Они гуляли в парке Уайтхоллского дворца. Хотя весна уже наступила, стоял пронизывающий холод; небо над их головами было свинцово-серым, а река, тёкшая за парапетом, вздулась от дождя. Но королева желала гулять ежедневно и, закутавшись по самый подбородок в соболя, расхаживала по дорожкам парка в сопровождении Лестера, который был вынужден следовать её привычкам. За ними семенили придворные дамы — Кэт Дакр и леди Ноллис; они настолько отстали, что не могли слышать их разговора, и так замёрзли, что им не хотелось говорить друг с другом.
— Если бы она убила этого подонка тут же на месте, никто бы её не винил, — продолжала Елизавета. — Если бы она с ним развелась, вся Шотландия и вся Европа приняли бы её сторону. Но открыто демонстрировать свою ненависть к нему и предпочтение этому графу Босуэллу, а потом взорвать его, когда он был болен и беспомощен... Господи, после родов она, должно быть, сошла с ума!
— Какое счастье, — усмехнулся Лестер, — что я на ней не женился. Она сожгла бы меня живьём!

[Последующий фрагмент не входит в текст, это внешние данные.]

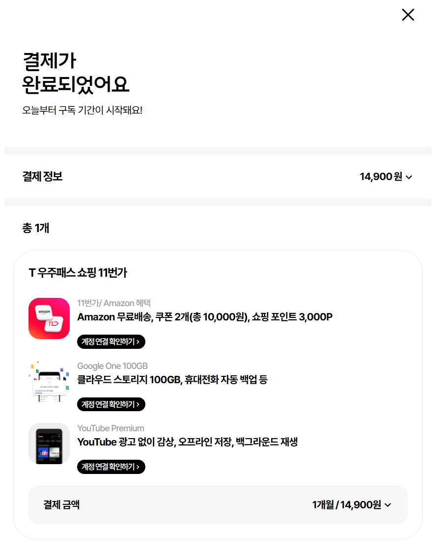 우주패스 = 쇼핑포인트3000원 + 아마존쿠폰 2장 + 구글원 + 유튜브 14900원
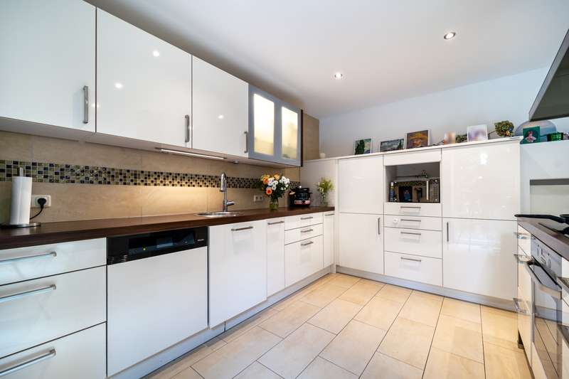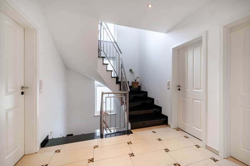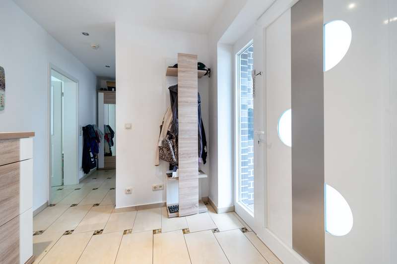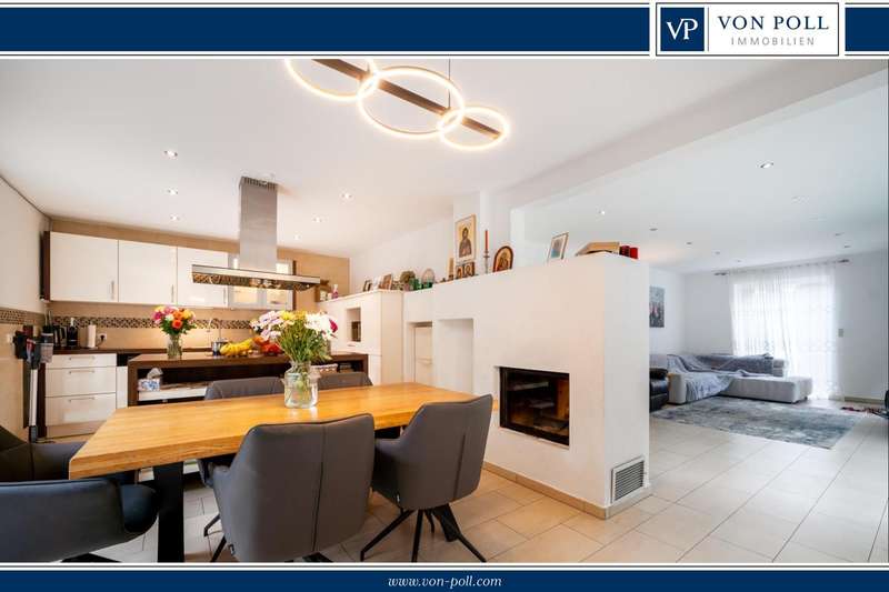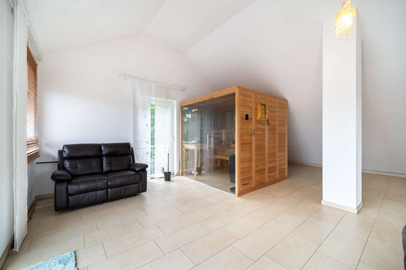 In an attractive location in Bielefeld-Quelle, embedded in a family-friendly residential area built in 2009, stands this modern detached house on a plot of approx. 472 m². The neighborhood is characterized by well-kept detached houses and offers a quiet yet central residential area. The house was built in 2009 and has been continuously modernized. Highlights include a retrofitted conservatory with access to the garden, a fireplace in the living area, a large roof terrace with whirlpool and a photovoltaic system with 16 modules. A modern wallbox for e-mobility is already installed and included in the purchase price. Heating is provided by a particularly efficient Viessmann Vitocal 300 groundwater heat pump. In combination with underfloor heating on all floors - including the attic and basement - this results in a future-proof, sustainable heating system with very good consumption values. The use of groundwater at a constant temperature ensures particularly high efficiency throughout the year. The entrance area with guest WC is located on the first floor. This is followed by the staircase leading to the upper floor and basement. The spacious living, dining and cooking area is open-plan and has a fireplace and direct access to the conservatory. The modern fitted kitchen is included in the price. The upper floor offers two children's rooms of approx. 15 m² and 19 m² as well as a spacious master bathroom and the master bedroom. On the top floor there is a spacious, open room with an integrated sauna and direct access to the large roof terrace. The large roof terrace has a whirlpool and can be shaded by an awning, making it a comfortable retreat on warm days. The basement is fully developed and, in addition to storage space, offers enough room for a home gym or other uses. Have we piqued your interest? Then we look forward to hearing from you by e-mail.

Елизавета резко толкнула его локтем в бок.
— Скажи спасибо, что я спасла тебя от твоих собственных амбиций, — отрезала она. — Господи, из-за этого безрассудного поступка она целиком и полностью лишилась того сочувствия, которое я к ней испытывала. Я вижу, как Сесил потирает руки и изрекает, что её погибель была предопределена из-за её идолопоклонничества, и у меня не хватит духу над ним посмеяться. Должно быть, туманы этой проклятой страны отравили её и она лишилась разума, что она надеялась таким образом выиграть, если нужно было всего лишь ещё немножко потерпеть, и всё решилось бы само собой?
— Тебе лучше знать, госпожа. Ты всегда умела читать её мысли как никто другой; ты настолько хорошо овладела этим искусством, что знала с самого начала — она выйдет за Дарнли и этим погубит себя. Предвидела ли ты также, чем это кончится для него?